Key Ingredients and Their Roles
This keto coconut bread recipe relies on a few key ingredients that work together to create a delicious and satisfying loaf:
- Coconut Flour: This gluten-free flour is made from dried and powdered coconut flesh. It's a staple in keto baking due to its low carb content and high absorbency.
- Eggs: This recipe calls for a significant number of eggs because coconut flour tends to absorb a lot of moisture. The eggs help bind the ingredients together, providing structure and richness.
- Cream Cheese: The addition of cream cheese ensures that the coconut flour loaves are moist and never dry. For a dairy-free version, coconut cream can be used as a substitute.
- Butter: Fat is essential in keto baking, and butter contributes to the bread's moistness and flavor. Coconut oil or ghee can be used as dairy-free alternatives.

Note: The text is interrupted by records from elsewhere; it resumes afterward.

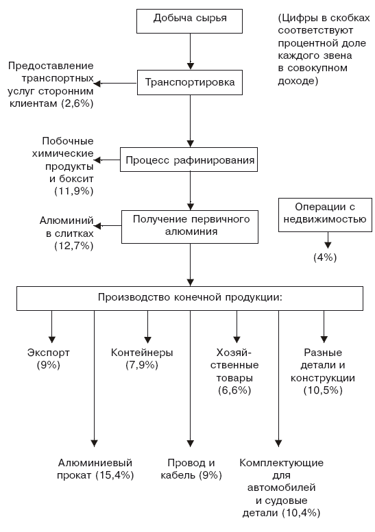 Рис. 11.4. Продажи побочных и конечных продуктов, производимых компанией Alcoa в 1969 г. (Rumelt, 1974 : 21)
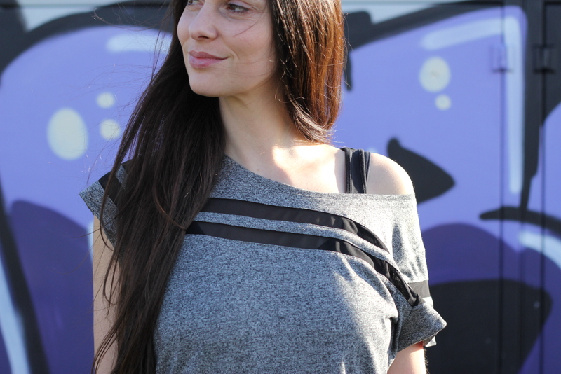 Het shirt heeft een brede hals waardoor hij soms een beetje over mijn schouder valt. Dat vind ik wel mooi. De zwarte banen zijn trouwens een beetje doorzichtig, wat het ook weer net iets aparter maakt.
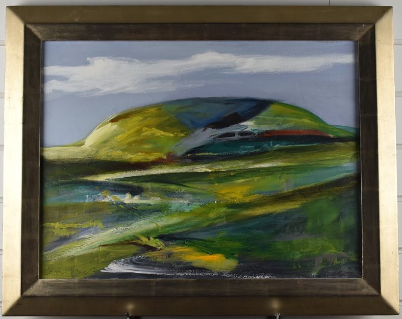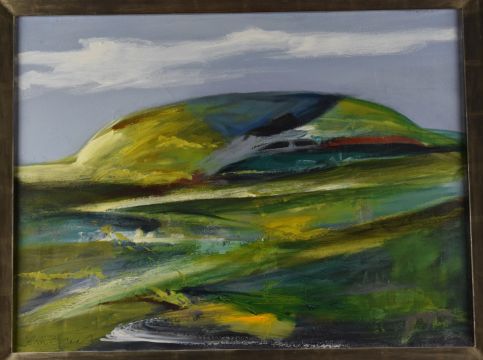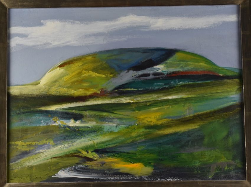 John Cleal (Welsh 1929-2007) abstract oil 'Blue-green Landscape', signed lower left, 44 x 60cm, in modern frame, titled verso
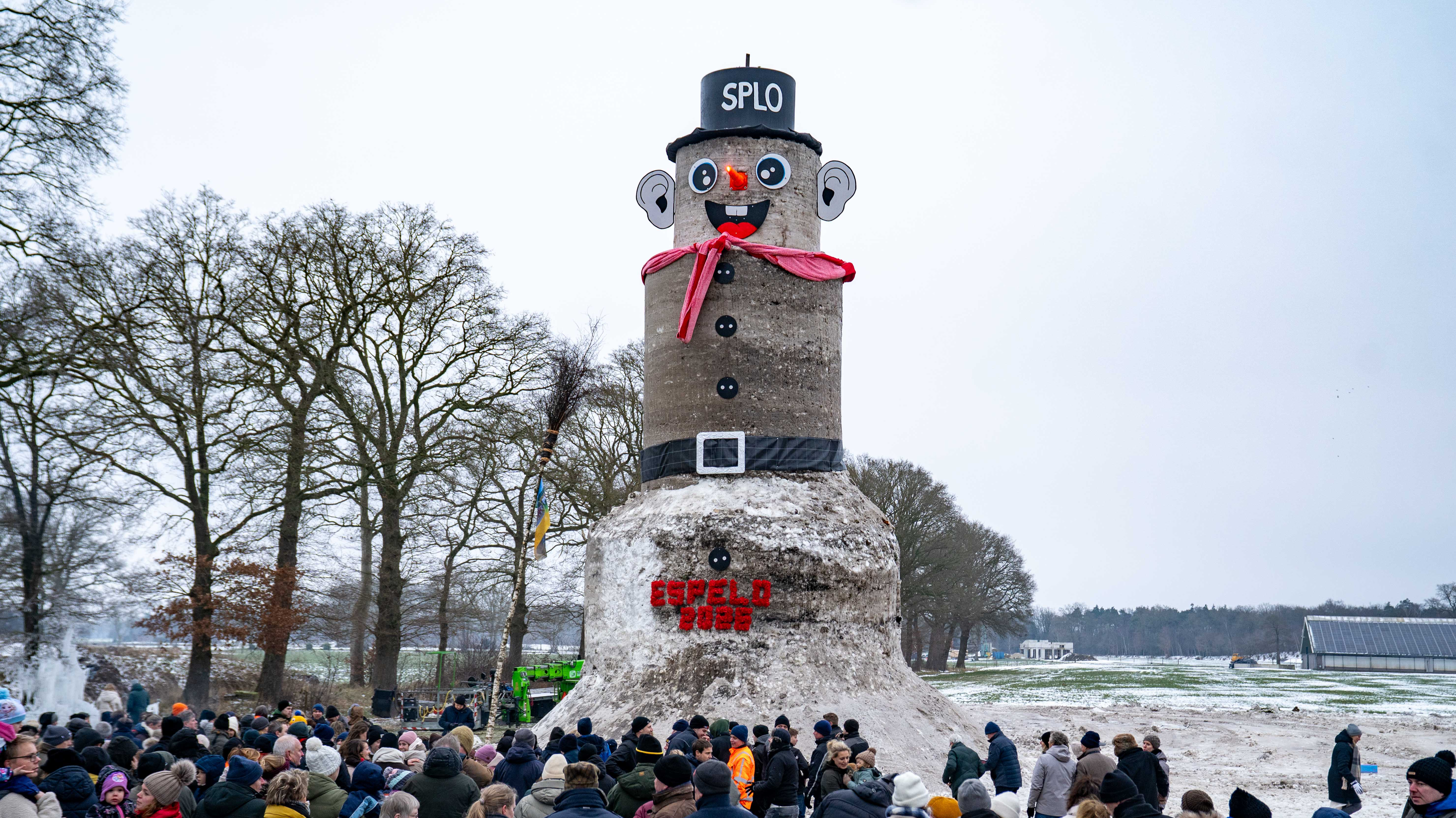 zondag 11 januari 2026, 17:15 uurDaar staat 'ie dan, glorieus boven het weiland verheven: de grootste sneeuwpop van Nederland. Hij staat in Espelo, dat vandaag het record terugpakte van Staphorst. En daar is hard voor gewerkt.
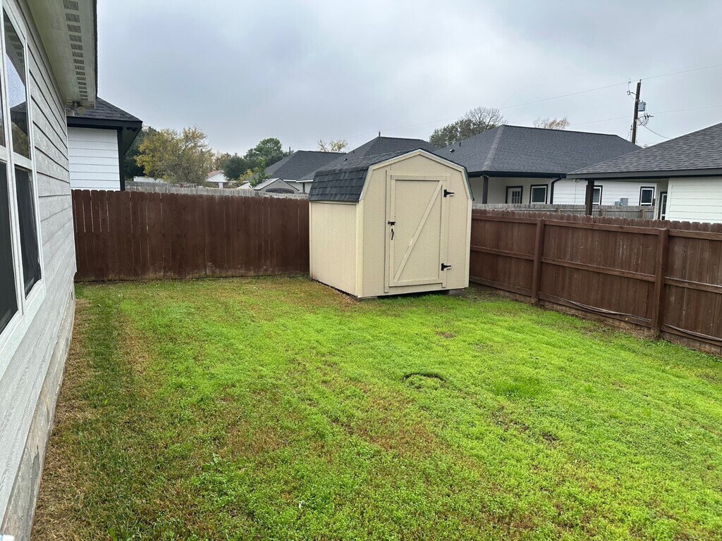 Beautiful Home with space for everyone! Settle into a 4 BEDROOM 3 BATH HOME WITH A THREE WAY SPLIT, FOURTH BEDROOM COULD BE A SECOND MASTER. Featuring granite throughout, Master Bath with a Huge Walk In Shower, LG Master Closet, carpet in the bedrooms and wood vinyl in the kitchen and living area, plus a security system. With quick access to HWY 6 your close to TAMU, BLINN COLLEGE, SHOPPING AND THE PLEASURES OF HISTORIC DOWNTOWN BRYAN. Enjoy time outside with family and friends in the Backyard with Covered Patio and Storage Shed. Schedule a tour today before this one is gone! One Dog Welcome! Available for immediate or near immediate move in only.
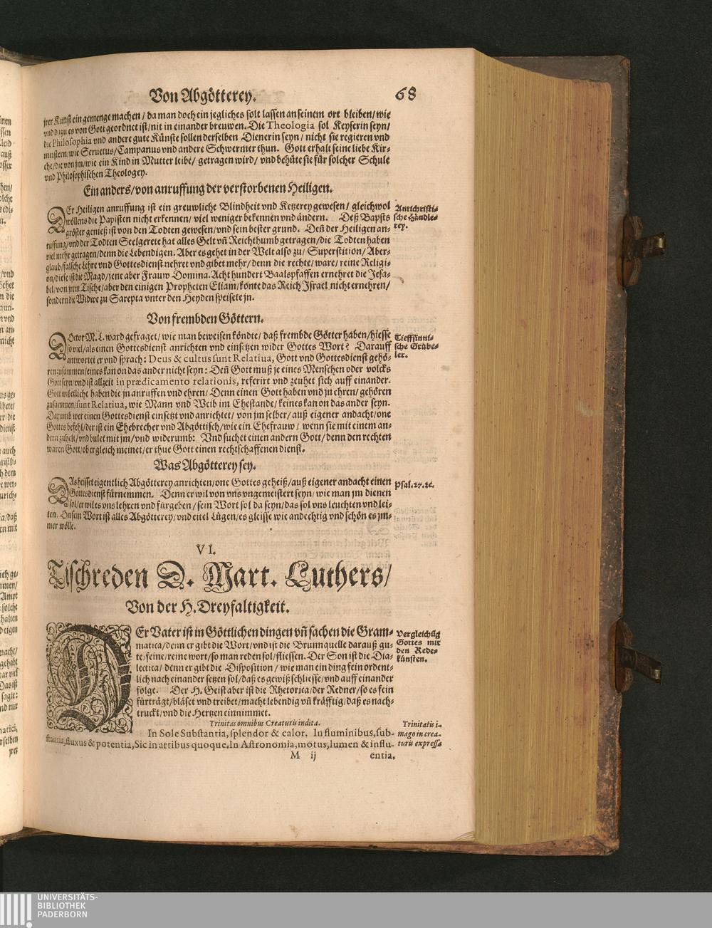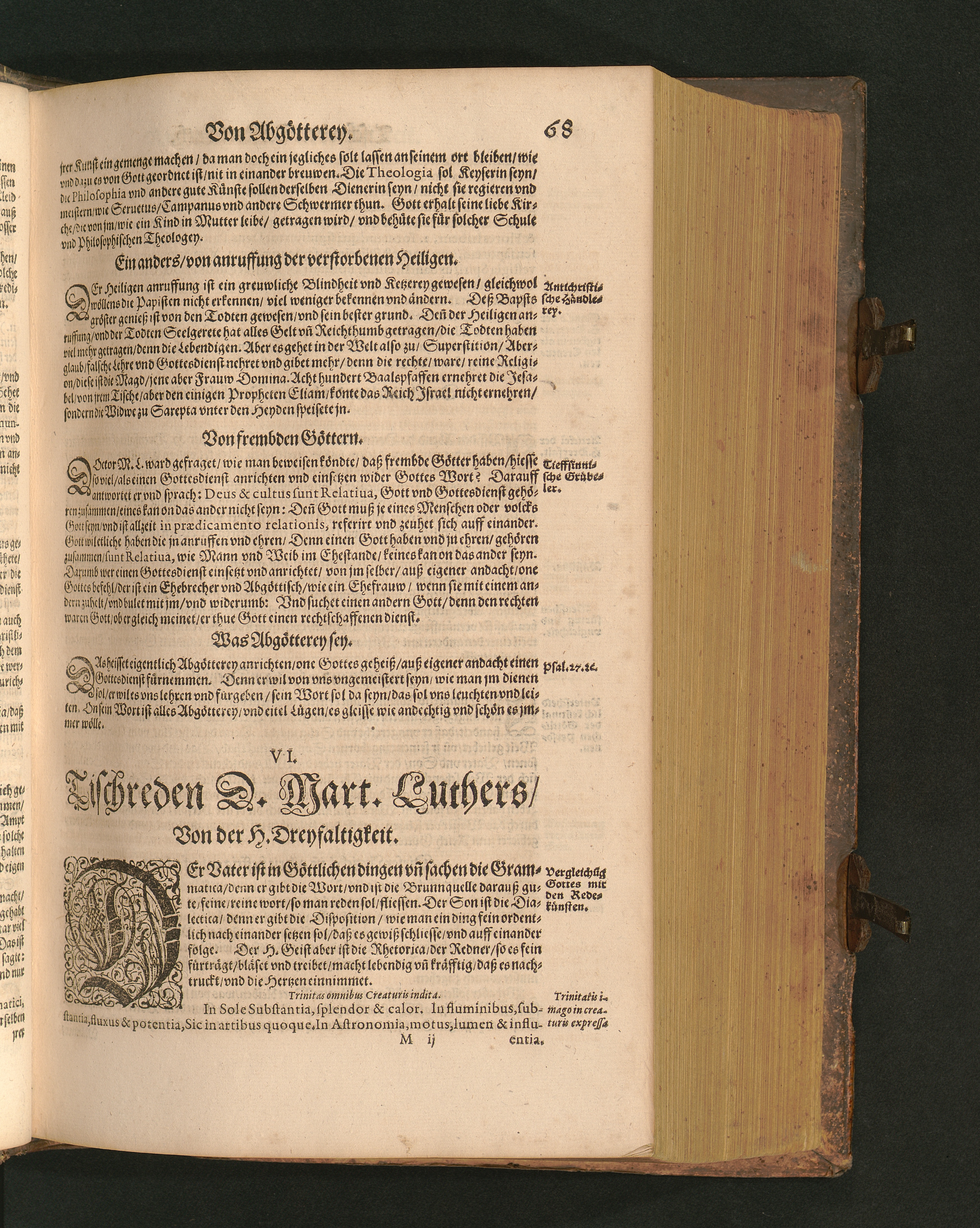 COLLOQVIA || Oder || Tischreden Do=||ctor Martini Lutheri/ : so er in vielen || Jaren/ die Zeit seines Lebens/ gegen Gelehrten Leuthen/ Auch || frembden Gesten vnd seinen Tischgesellen geführet. Darinn von allen Artickeln || vnser Religion/ Auch von hohen Stücken/ Fragen vnd Antwort: Item/|| viel mercklichen Historijs/ vnd sonst von allerley Lehre/ Trost/ Raht/|| vnnd vnterricht/ zu finden.|| / Anfenglichs von M. Anthonio Lauterbach zusammen getragen/ Hernacher in gewisse Locos || Communes verfasset/ vnd auß viel anderer Gelehrter Leute Collectaneis gemehret.|| Durch Johannem Aurifabern.||

- Xylitol: I opted to add one teaspoon of sugar substitute to the batter only because traditional white bread has a little bit of sweetness, and I wanted to mimic the flavor perfectly.
Basic Keto Coconut Bread Recipe
This recipe provides a foundation for making delicious keto coconut bread. Feel free to experiment with variations and additions to customize it to your liking.
Read also: Easy Low-Carb Cheese Crackers
Ingredients:
- 1/2 cup Unsalted Butter Stick
- 3/4 cup Organic High Fiber Coconut Flour
- 6 large Eggs (Whole)
- 1/2 teaspoon Salt
- 1 teaspoon Xylitol
- 1 teaspoon Baking Powder (Straight Phosphate, Double Acting)
Directions:
- Preheat oven to 350°F (175°C). Grease a small bread pan (8x4-inches or smaller).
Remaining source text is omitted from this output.